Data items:
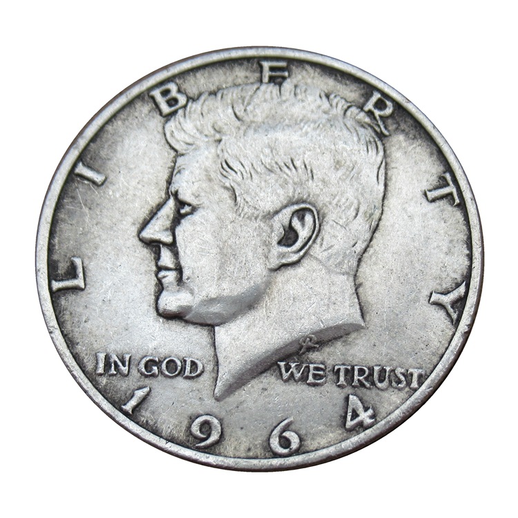 アンティーク工芸品 アメリカ半ドル ケネディ 1964年 銅銀メッキ 外国貿易記念コイン
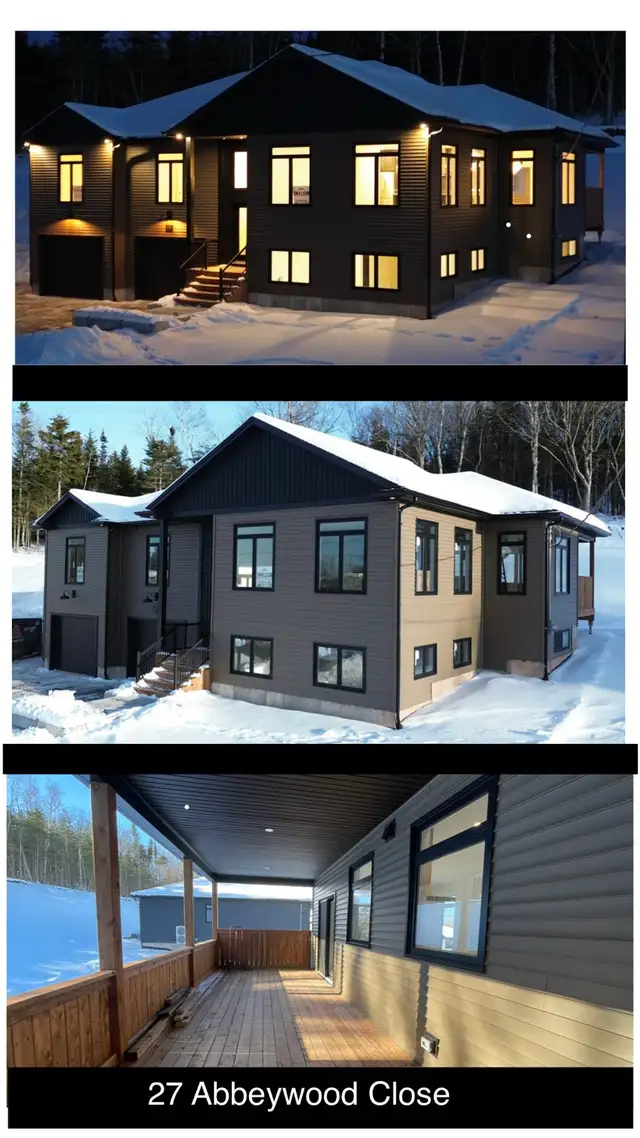OPEN HOUSE ALERT! Join us for an exclusive viewing of our brand new MK Taylor Enterprises Ltd. project, located at 27 Abbeywood Close in the serene Highlands of Queensbury, Quispamsis NB. Dates: Saturday February 14th and Sunday February 15th , 1:00 - 3:00pm. This stunning home boasts an impressive main level exceeding 2000 sq ft, featuring 9ft ceilings, expansive transom windows, and a luxurious open-concept kitchen and dining area with a butler pantry and prep sink. Enjoy the private 280 sq ft covered rear deck, perfect for outdoor entertaining, with direct access to the master ensuite bathroom. Ensuite bath includes a relaxing soaker tub, large Roman shower, and a water closet. Key features of this home: 3 bedrooms upstairs, including a master with well appointed walk in closet Dedicated main floor laundry Fully ducted central heating and cooling system Premium windows, doors, and siding Quartz countertops 8yr new home warranty Oversized double garage (886 sq ft) Lower level consists of 3rd bathroom with walk-in shower, 4th bedroom, large bright family room, and plenty of storage, kitchenette is also optional We look forward to welcoming you to this exceptional property. Priced at $795,000 HST included (final pricing determined by the builder based on buyers requirements) Phone 506-271-3877 for details
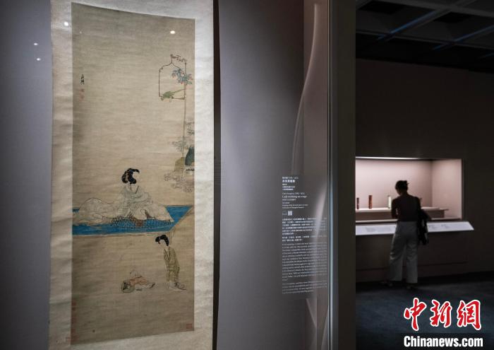 图为国家一级文物、陈洪绶《斜倚薰笼图》展品。
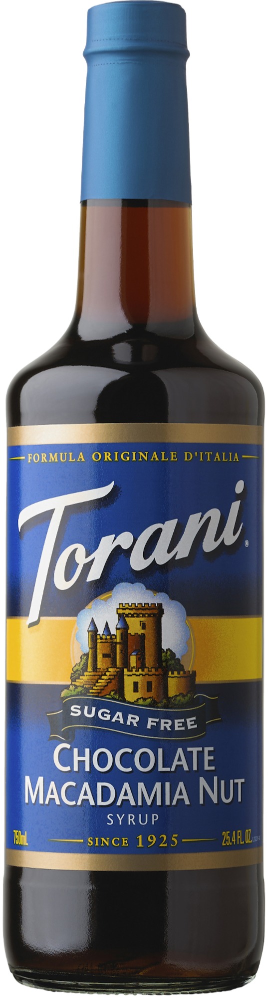 Sukkerfri Torani Sugar Free Chocolate Macadamia Nut -siruppen kombinerer dekadent chokolade med den milde, næsten smøragtige macadamianød, helt uden kalorier.
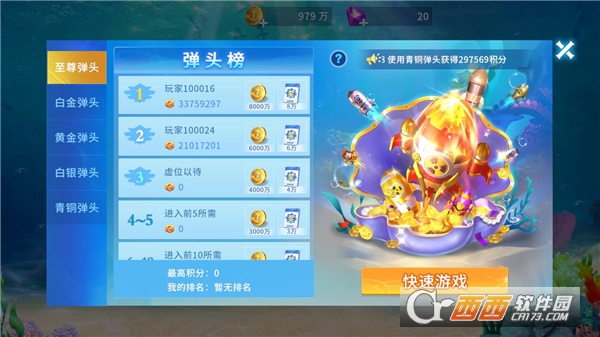 2、弹头乐园规则简单明了:使用弹头击杀鱼类即可赚取金币,同时生成对应积分值。每日积分最高者可登上排行榜,赢得额外的金币和奖券奖励,适合喜欢快节奏玩法的玩家。
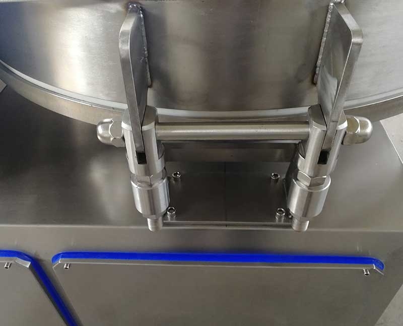 斩拌机利用斩刀高速旋转的斩切作用,将肉块,碎肉,脂肪等主要原料精细的斩切成肉馅或肉泥,同时将其它原料如水,冰片,辅料一起搅拌成均匀的乳状物。斩刀高速旋转,可以缩短运行时间,减少物料发热量,保持馅料的天然色泽、弹性、出品率和产品的保质期。
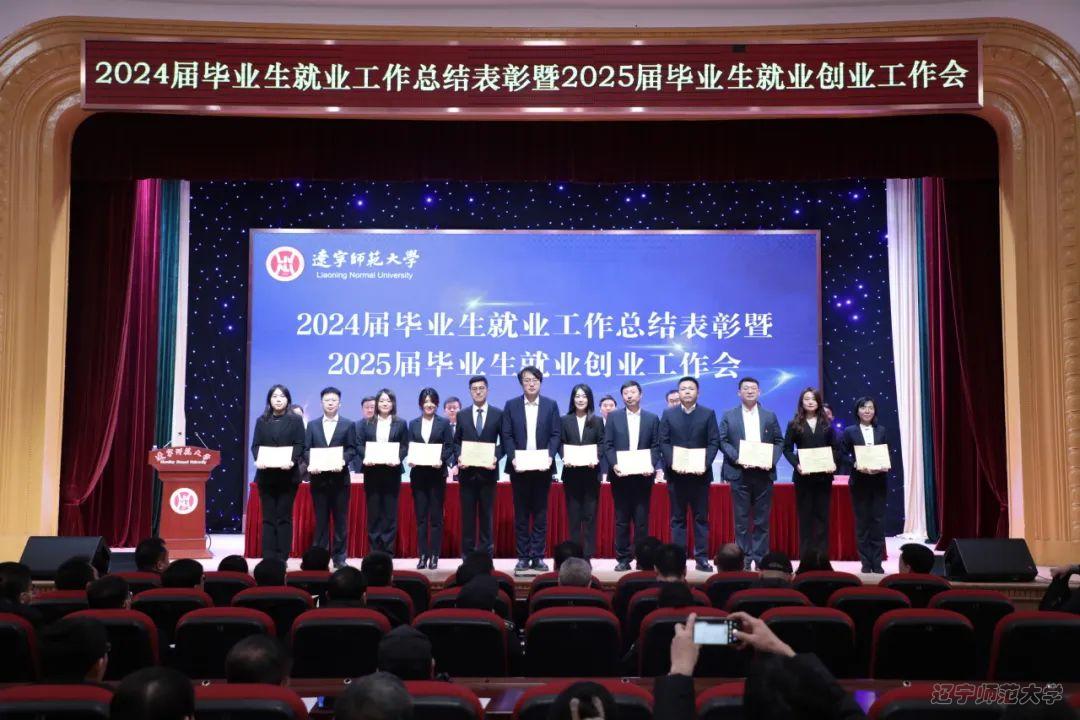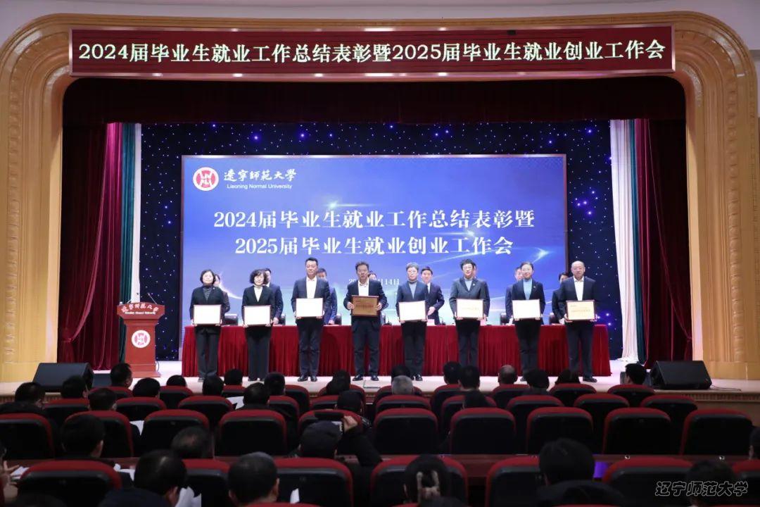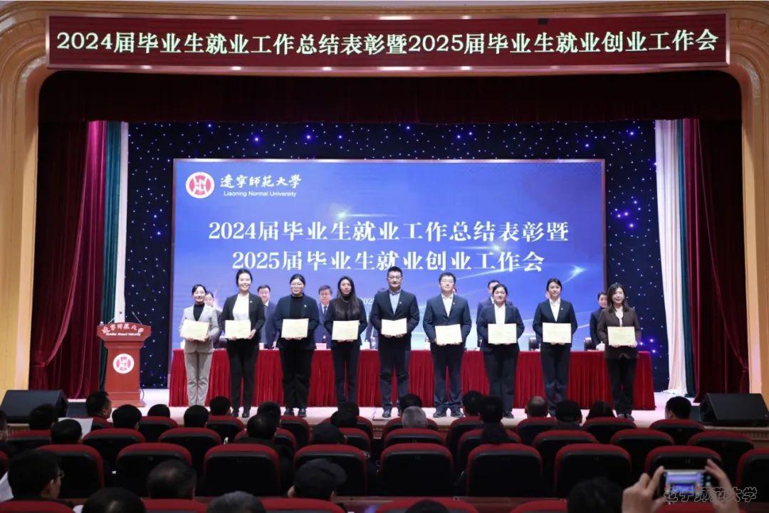 2025年1月14日下午,我校在礼堂召开辽宁师范大学2024届毕业生就业工作总结表彰暨2025届毕业生就业创业工作会。在对2024届毕业生就业工作表彰中,我院荣获辽宁师范大学2024届毕业生就业工作先进集体称号,学院党委书记曲建辉代表学院上台领取奖牌。我院团委书记张倩、研究生辅导员孙凯丽分别荣获2024届毕业生就业工作先进个人称号,会上,学院研究生辅导员孙凯丽作为就业先进个人代表分享了开展研究生就业工作的做法和感悟。
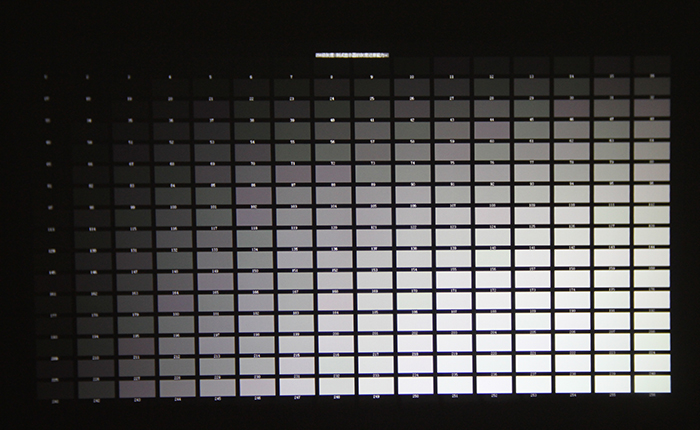 在红/绿/蓝三原色的还原表现中,联想thinkplus Air H6智能投影仪的表现称不上最佳,但也不算太次,只能算是在这个档位机器的应有水平范围之内。同样,在256位色阶测试图中也一样,联想thinkplus Air H6智能投影仪虽然没有特别亮眼的表现,但是基于LCD投影在色彩表现方面的优势,256位色阶还原图中各色位还是能轻松进行分辨。
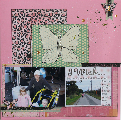 Both of your layouts are lovely and I love how you used the area under the butterfly for more journaling. I am so going to make a layout about what I wish I knew at the age of 18.
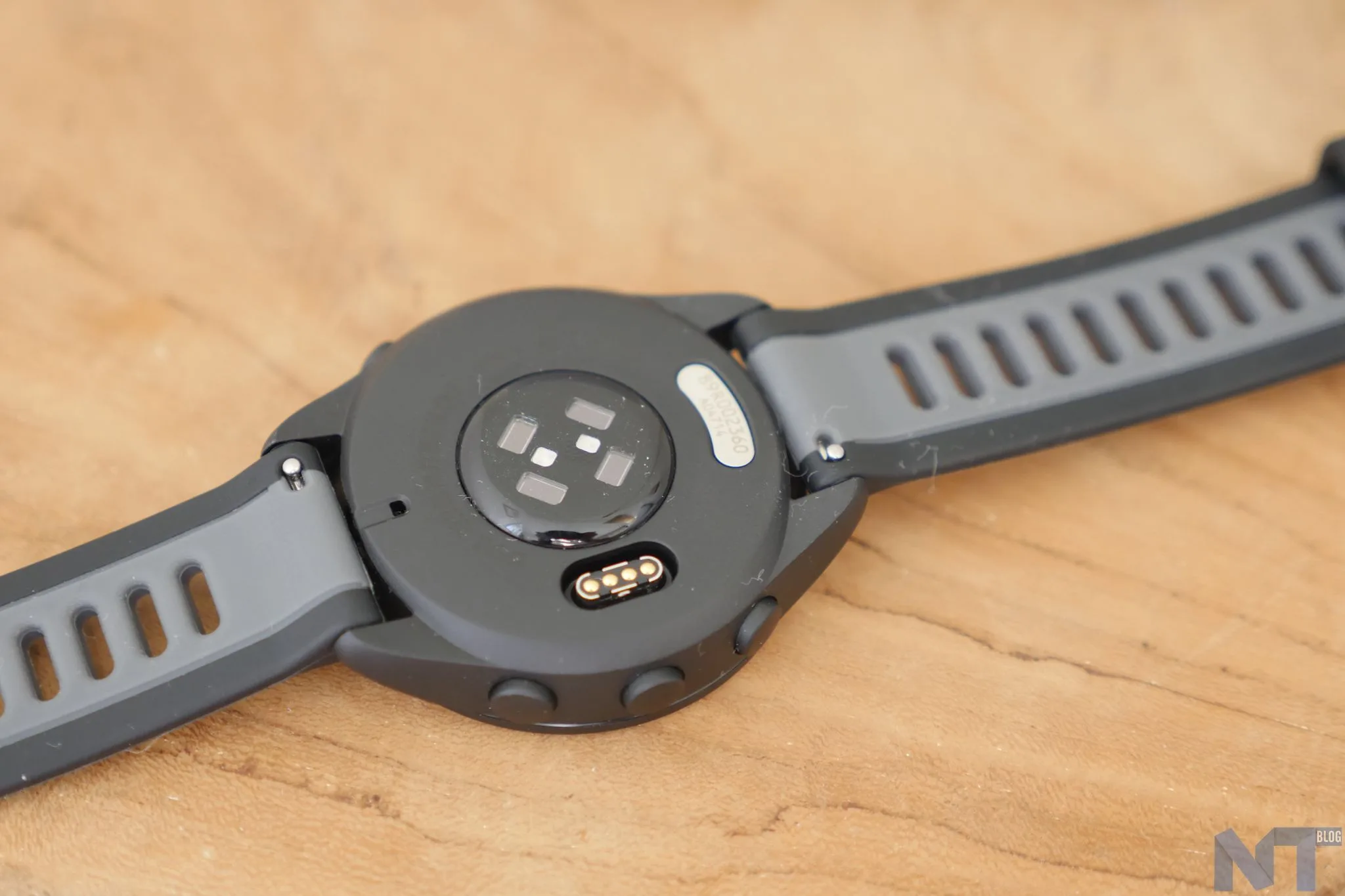 Elle est équipée d’un bracelet bicolore qui est fantastique et un peu plus sophistiqué qu’un bracelet uni. Ayant testé des montres connectées pendant des années, je trouve les bracelets Garmin les plus confortables parmi toutes les montres que j’ai testées. La Forerunner 165 et les autres montres Garmin utilisent des bracelets standard à ressort, donc ils ne sont pas aussi rapides à échanger que ceux d’une Apple Watch, mais ils sont universels et vous avez un choix infini à sélectionner.

What is being asked: From the data above, retype only the lines starting with the line with "斩拌机利用斩刀高速旋转的斩切" and going on through the line with "Both of your", exactly, leaving out the pictures.

Solution to the problem:
 斩拌机利用斩刀高速旋转的斩切作用,将肉块,碎肉,脂肪等主要原料精细的斩切成肉馅或肉泥,同时将其它原料如水,冰片,辅料一起搅拌成均匀的乳状物。斩刀高速旋转,可以缩短运行时间,减少物料发热量,保持馅料的天然色泽、弹性、出品率和产品的保质期。
 2025年1月14日下午,我校在礼堂召开辽宁师范大学2024届毕业生就业工作总结表彰暨2025届毕业生就业创业工作会。在对2024届毕业生就业工作表彰中,我院荣获辽宁师范大学2024届毕业生就业工作先进集体称号,学院党委书记曲建辉代表学院上台领取奖牌。我院团委书记张倩、研究生辅导员孙凯丽分别荣获2024届毕业生就业工作先进个人称号,会上,学院研究生辅导员孙凯丽作为就业先进个人代表分享了开展研究生就业工作的做法和感悟。
 在红/绿/蓝三原色的还原表现中,联想thinkplus Air H6智能投影仪的表现称不上最佳,但也不算太次,只能算是在这个档位机器的应有水平范围之内。同样,在256位色阶测试图中也一样,联想thinkplus Air H6智能投影仪虽然没有特别亮眼的表现,但是基于LCD投影在色彩表现方面的优势,256位色阶还原图中各色位还是能轻松进行分辨。
 Both of your layouts are lovely and I love how you used the area under the butterfly for more journaling. I am so going to make a layout about what I wish I knew at the age of 18.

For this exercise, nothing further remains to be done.